I needed a prop for this part and got a metal rod about a foot long and as big around as my thumb from my backpack. Nothing like cold iron to take the juice from a spell. I prodded the invisible wall, felt the energy thrum and dissipate, then the holding mechanism was gone, like popping a balloon.
Ellinghaus stepped forward and asked Kellie Ann for permission to help her to the ambulance.
I know. But it worked. She took his arm, made two unsteady steps, then her legs wobbled. He swept her up, hardly breaking stride, and got her in, stretching her flat on the rolling gurney clamped to one wall. I came up behind with the cooler and discarded bottle, stowed them, and went back for the stool and backpack. One more chore: fill a few plastic zip bags up with a quantity of dirt from her grave.
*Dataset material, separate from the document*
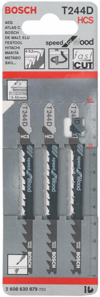 A T 244 D Speed for Wood szúrófűrészlap fa gyors, ívelt vágására alkalmas Élesre köszörült váltófogazata gyors vágást tesz lehetővé A keskeny fűrészlapot ívelt vágáshoz optimalizálták Minden T befogószárú szúrófűrészhez használható.

Without it, she’d not be able to rest during the day. The geeks were still working on the why behind that one, too. I dropped the bags into an equipment drawer with the folding shovel and had a last glance at the horrible place. I hoped she wouldn’t remember it.
My partner had buckled her in under a blanket and gone through to the cab of the bus.
“You going to change?” I asked.
“Is it necessary?” He really liked his black suit; the look had proved to be disarming and distracting to Kellie Ann, as intended.
We’d be going the speed limit, and medical transport vehicles drove all hours, day and night, so there’d be no reason for a cop to bother with us. Sure, Ellinghaus could hypnotize us out of a situation, but why take chances? We could not be caught with a missing person. “I think you should. If we get pulled over…”
“I see your point. One moment.”
While he went outside to trade the hat, black coat, and tie, for a white shirt to match mine, I swabbed Kellie Ann’s face with a damp wipe and told her to relax, we were taking her to a doctor.
“But I feel fine,” she said dreamily.
With the drugs dissolved in that bottle of blood, she’d be feeling just wonderful for hours to come. It’s better this way. Really. Maybe she’d have been calm enough to cooperate and come willingly, but if not, then even Ellinghaus wouldn’t have been able to hold her for long. She’d vanished once to escape her grave and could do so again by accident. Not a good idea when you’re booming down the road at sixty-five.
I couldn’t raise a holding spell inside the ambulance, so a strong cocktail with lots of Xanax in it would keep her happy and her body solid until specialists could take charge. They’d treat her the same as any rape victim. Hopefully she’d be able to adjust to her new life.
If she was allowed to live it.
The simple solution, the one that didn’t bear thinking about, was to disappear her.